━━━ GIVEN RECORDS ━━━

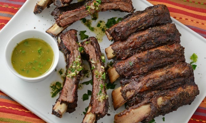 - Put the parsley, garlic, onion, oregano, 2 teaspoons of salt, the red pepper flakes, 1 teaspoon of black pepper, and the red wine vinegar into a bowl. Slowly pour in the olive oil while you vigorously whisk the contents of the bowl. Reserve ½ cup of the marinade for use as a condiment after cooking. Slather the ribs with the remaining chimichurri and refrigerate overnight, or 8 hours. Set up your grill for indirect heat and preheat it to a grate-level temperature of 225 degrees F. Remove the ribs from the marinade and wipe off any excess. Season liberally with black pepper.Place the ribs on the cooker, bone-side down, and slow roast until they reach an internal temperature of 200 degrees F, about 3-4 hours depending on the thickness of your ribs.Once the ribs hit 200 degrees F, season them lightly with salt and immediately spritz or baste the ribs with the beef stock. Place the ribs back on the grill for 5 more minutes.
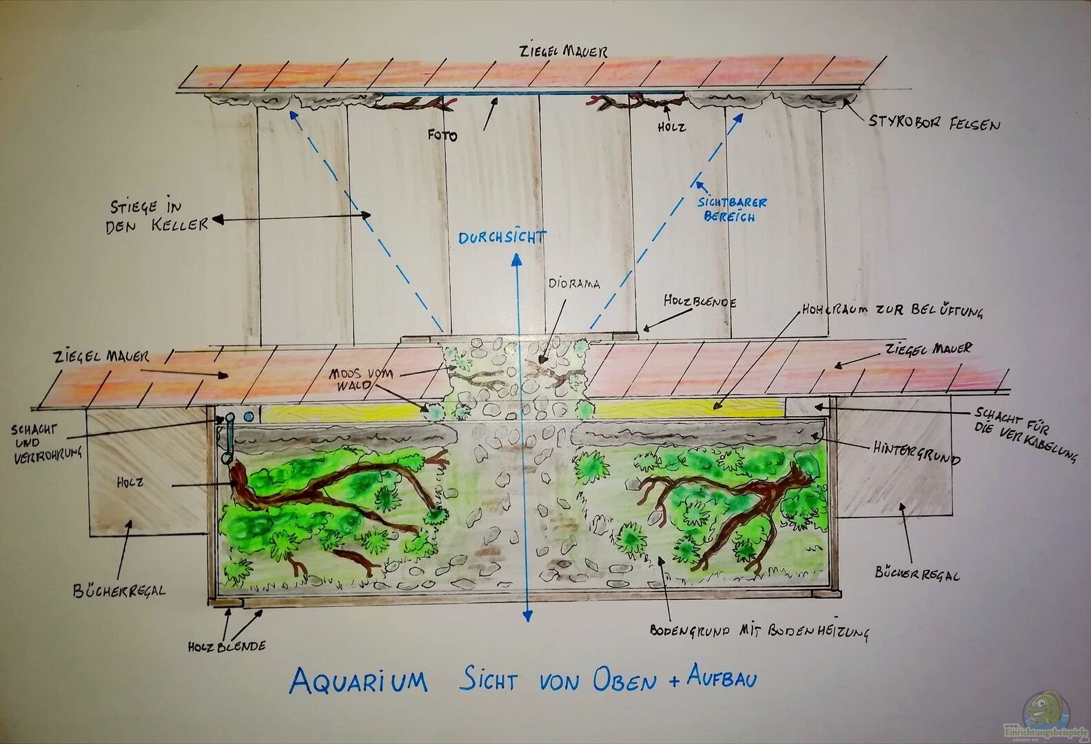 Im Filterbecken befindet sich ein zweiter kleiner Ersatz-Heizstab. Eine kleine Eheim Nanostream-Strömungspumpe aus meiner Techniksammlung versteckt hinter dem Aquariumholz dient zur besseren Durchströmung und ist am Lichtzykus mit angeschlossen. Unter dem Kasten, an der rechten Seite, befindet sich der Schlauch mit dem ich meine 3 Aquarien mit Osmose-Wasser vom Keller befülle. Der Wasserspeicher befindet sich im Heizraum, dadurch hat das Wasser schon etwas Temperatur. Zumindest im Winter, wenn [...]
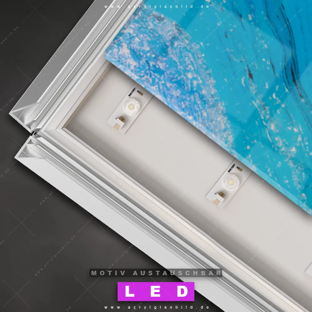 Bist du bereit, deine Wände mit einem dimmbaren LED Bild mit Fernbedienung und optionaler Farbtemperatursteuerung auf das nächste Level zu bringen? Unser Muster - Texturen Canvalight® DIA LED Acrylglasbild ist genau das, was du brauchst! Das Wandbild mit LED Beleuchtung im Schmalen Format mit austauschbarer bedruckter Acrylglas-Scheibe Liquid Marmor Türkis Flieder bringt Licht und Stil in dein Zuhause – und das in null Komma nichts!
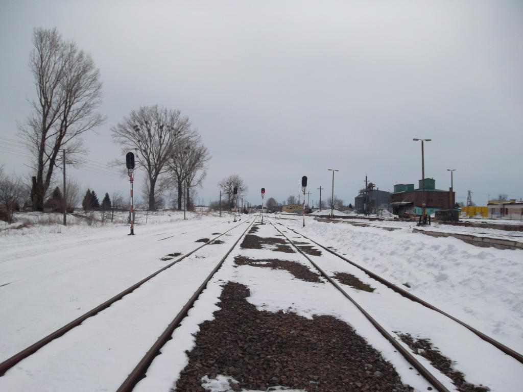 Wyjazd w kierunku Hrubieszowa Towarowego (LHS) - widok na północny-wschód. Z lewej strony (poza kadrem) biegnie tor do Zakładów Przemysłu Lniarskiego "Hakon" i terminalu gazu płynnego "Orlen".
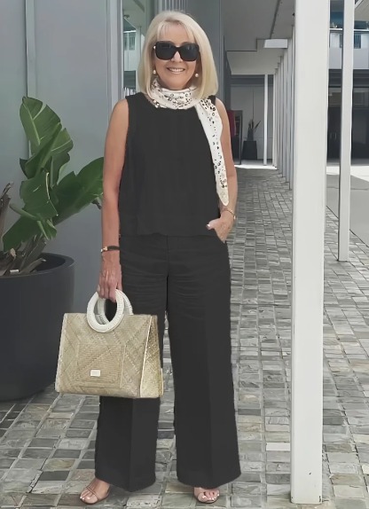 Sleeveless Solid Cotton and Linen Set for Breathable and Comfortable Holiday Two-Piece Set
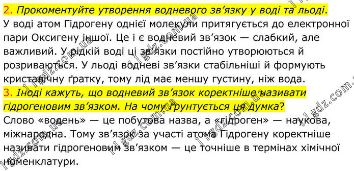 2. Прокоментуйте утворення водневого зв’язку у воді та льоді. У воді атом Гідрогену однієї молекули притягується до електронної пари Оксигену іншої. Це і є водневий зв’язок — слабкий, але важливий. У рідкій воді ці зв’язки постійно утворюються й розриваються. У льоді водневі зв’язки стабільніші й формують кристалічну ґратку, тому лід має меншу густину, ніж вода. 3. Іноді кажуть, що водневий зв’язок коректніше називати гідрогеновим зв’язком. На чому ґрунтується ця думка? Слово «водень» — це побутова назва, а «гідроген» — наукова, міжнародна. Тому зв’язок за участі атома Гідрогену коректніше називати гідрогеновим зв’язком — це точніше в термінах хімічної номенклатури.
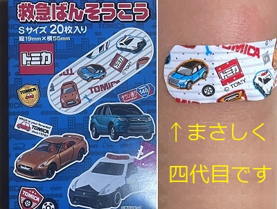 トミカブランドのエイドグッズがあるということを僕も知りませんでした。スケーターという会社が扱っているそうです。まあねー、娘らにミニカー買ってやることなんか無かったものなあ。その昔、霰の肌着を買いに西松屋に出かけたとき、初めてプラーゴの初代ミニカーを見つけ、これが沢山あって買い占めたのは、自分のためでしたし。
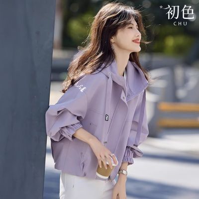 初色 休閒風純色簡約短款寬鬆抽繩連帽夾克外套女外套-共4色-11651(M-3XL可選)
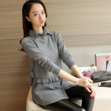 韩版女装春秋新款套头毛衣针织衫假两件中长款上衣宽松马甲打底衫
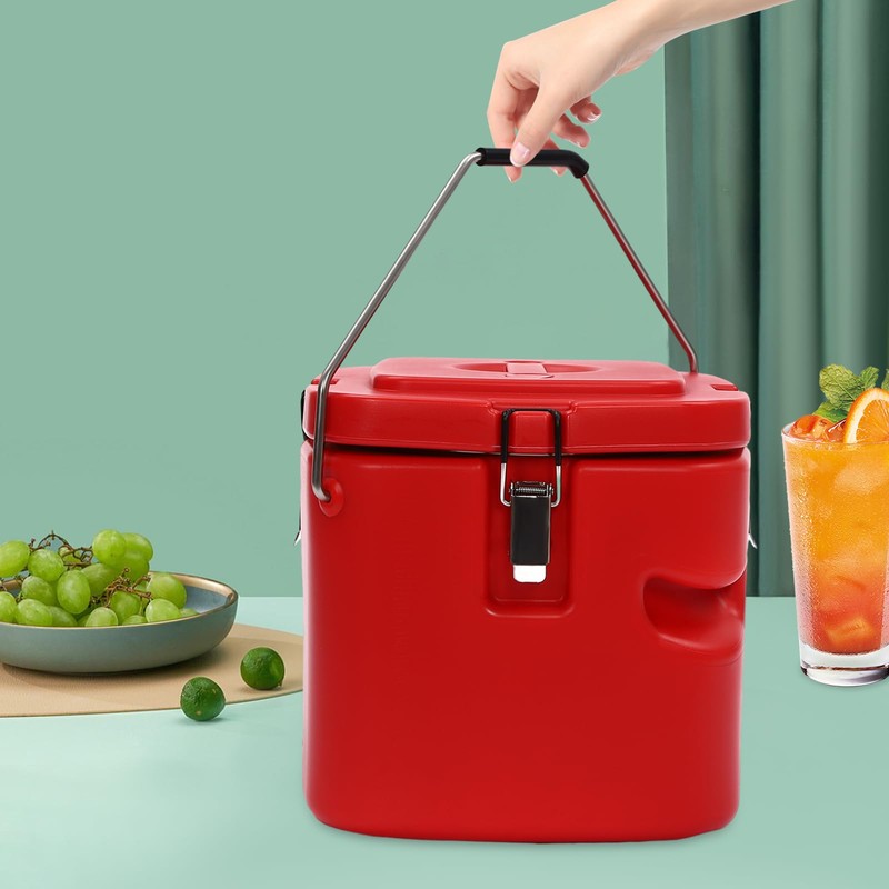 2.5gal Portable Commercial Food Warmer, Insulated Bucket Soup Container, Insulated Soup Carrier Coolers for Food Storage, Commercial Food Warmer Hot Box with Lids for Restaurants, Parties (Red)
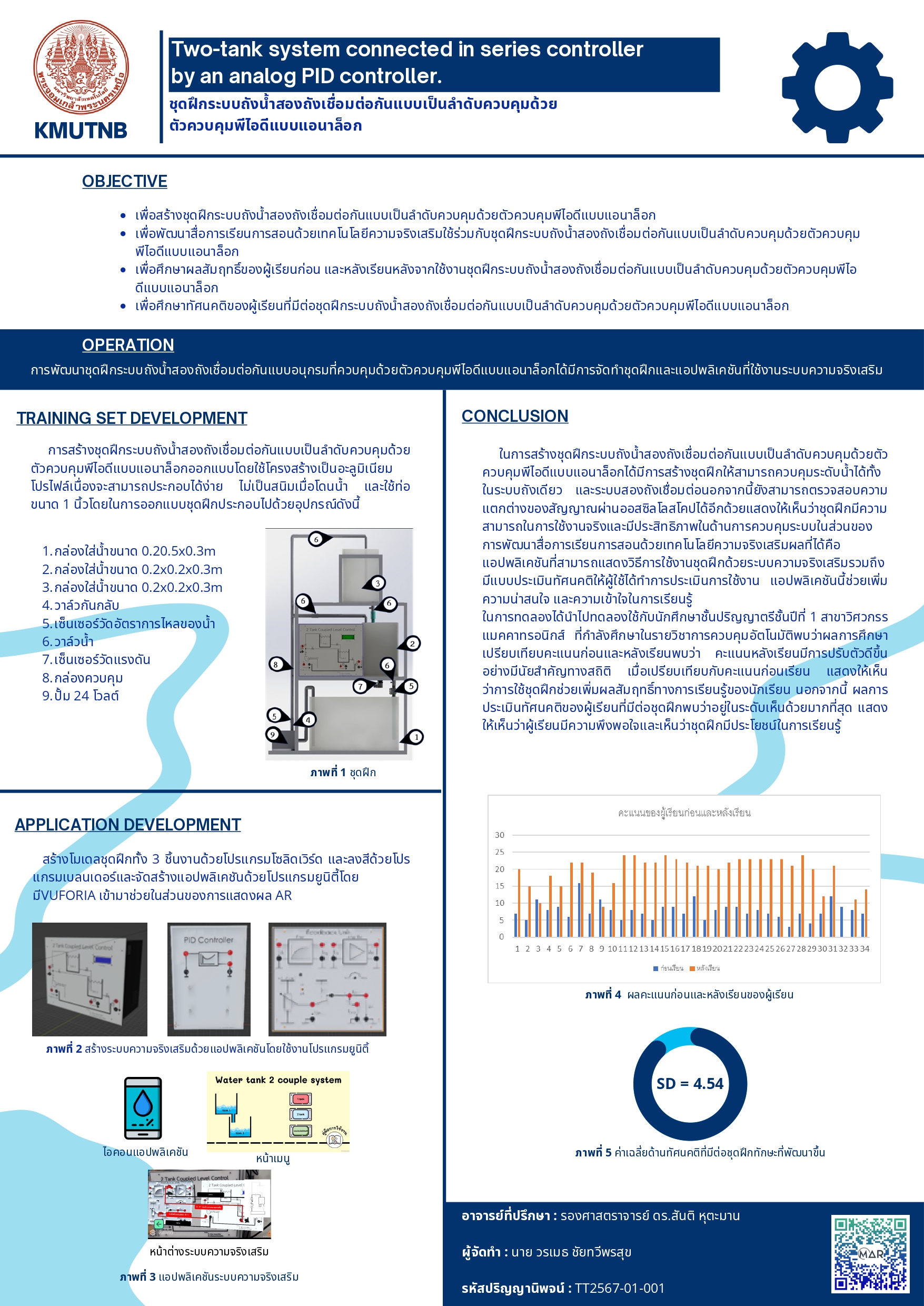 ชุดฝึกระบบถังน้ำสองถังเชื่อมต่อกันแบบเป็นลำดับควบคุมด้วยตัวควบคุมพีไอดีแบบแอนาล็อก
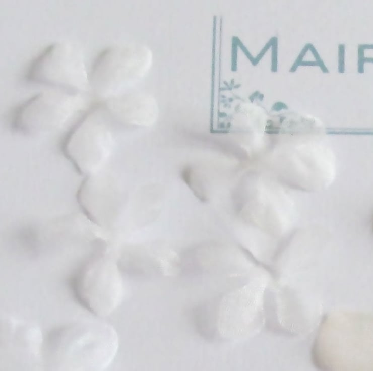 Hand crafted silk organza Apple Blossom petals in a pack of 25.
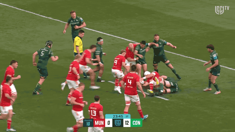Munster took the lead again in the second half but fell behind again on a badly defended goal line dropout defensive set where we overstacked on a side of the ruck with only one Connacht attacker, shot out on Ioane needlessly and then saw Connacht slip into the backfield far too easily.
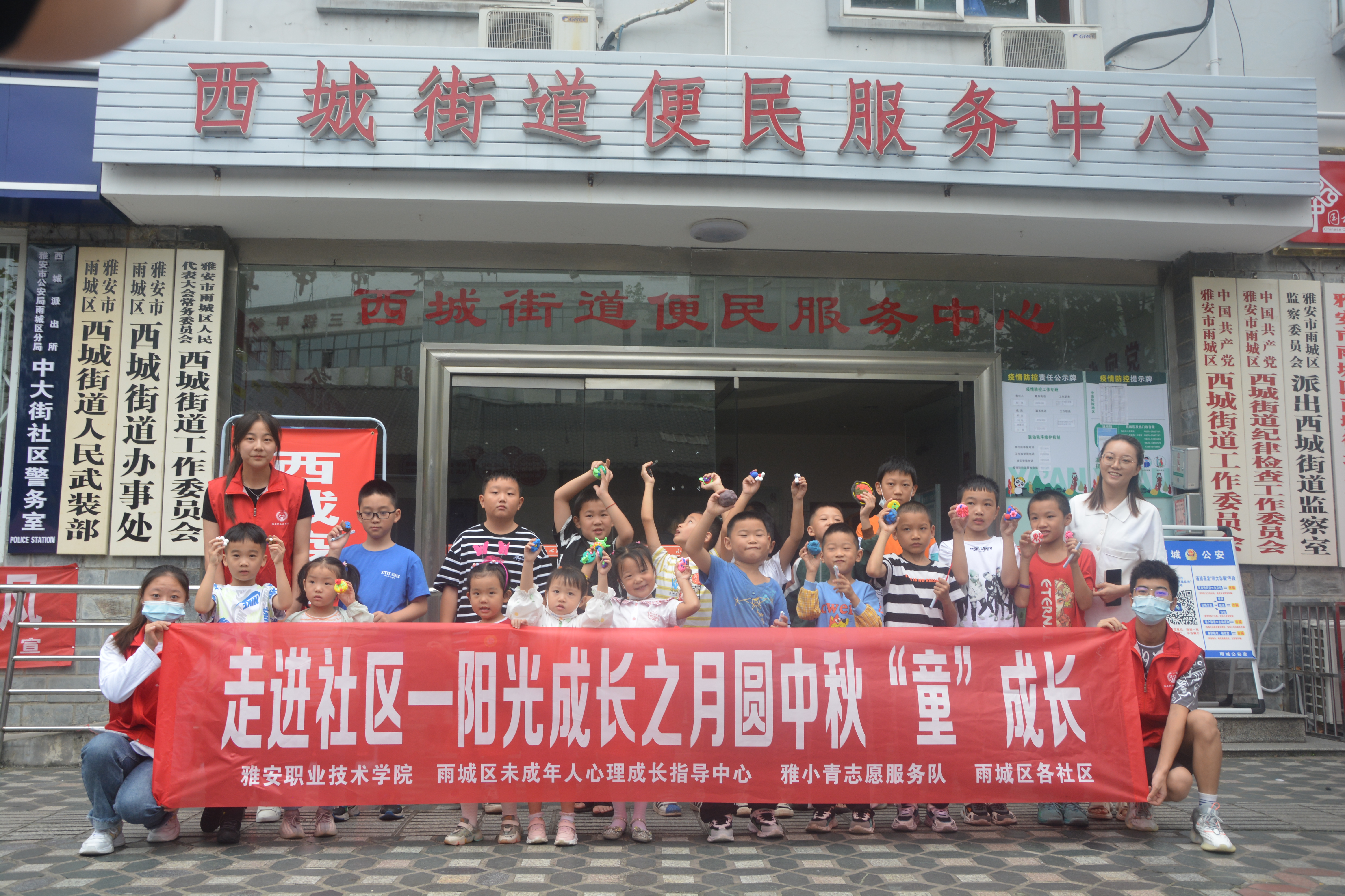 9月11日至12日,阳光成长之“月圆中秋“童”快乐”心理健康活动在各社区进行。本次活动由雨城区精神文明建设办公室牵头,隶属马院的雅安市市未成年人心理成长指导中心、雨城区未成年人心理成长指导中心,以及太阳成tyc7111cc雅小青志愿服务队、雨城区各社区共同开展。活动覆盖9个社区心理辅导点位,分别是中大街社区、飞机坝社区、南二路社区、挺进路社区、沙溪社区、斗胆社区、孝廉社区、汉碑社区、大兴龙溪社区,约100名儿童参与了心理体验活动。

━━━

TASK PROMPT. How would the lines above read from the one with "Sleeveless Solid Cotton" to the one with "韩版女装春秋新款套头毛衣针织衫假两件中长款上衣宽松马甲打底衫", inclusive, with no pictures? Write them out exactly.

RESPONSE TO THIS TASK.
 Sleeveless Solid Cotton and Linen Set for Breathable and Comfortable Holiday Two-Piece Set
 2. Прокоментуйте утворення водневого зв’язку у воді та льоді. У воді атом Гідрогену однієї молекули притягується до електронної пари Оксигену іншої. Це і є водневий зв’язок — слабкий, але важливий. У рідкій воді ці зв’язки постійно утворюються й розриваються. У льоді водневі зв’язки стабільніші й формують кристалічну ґратку, тому лід має меншу густину, ніж вода. 3. Іноді кажуть, що водневий зв’язок коректніше називати гідрогеновим зв’язком. На чому ґрунтується ця думка? Слово «водень» — це побутова назва, а «гідроген» — наукова, міжнародна. Тому зв’язок за участі атома Гідрогену коректніше називати гідрогеновим зв’язком — це точніше в термінах хімічної номенклатури.
 トミカブランドのエイドグッズがあるということを僕も知りませんでした。スケーターという会社が扱っているそうです。まあねー、娘らにミニカー買ってやることなんか無かったものなあ。その昔、霰の肌着を買いに西松屋に出かけたとき、初めてプラーゴの初代ミニカーを見つけ、これが沢山あって買い占めたのは、自分のためでしたし。
 初色 休閒風純色簡約短款寬鬆抽繩連帽夾克外套女外套-共4色-11651(M-3XL可選)
 韩版女装春秋新款套头毛衣针织衫假两件中长款上衣宽松马甲打底衫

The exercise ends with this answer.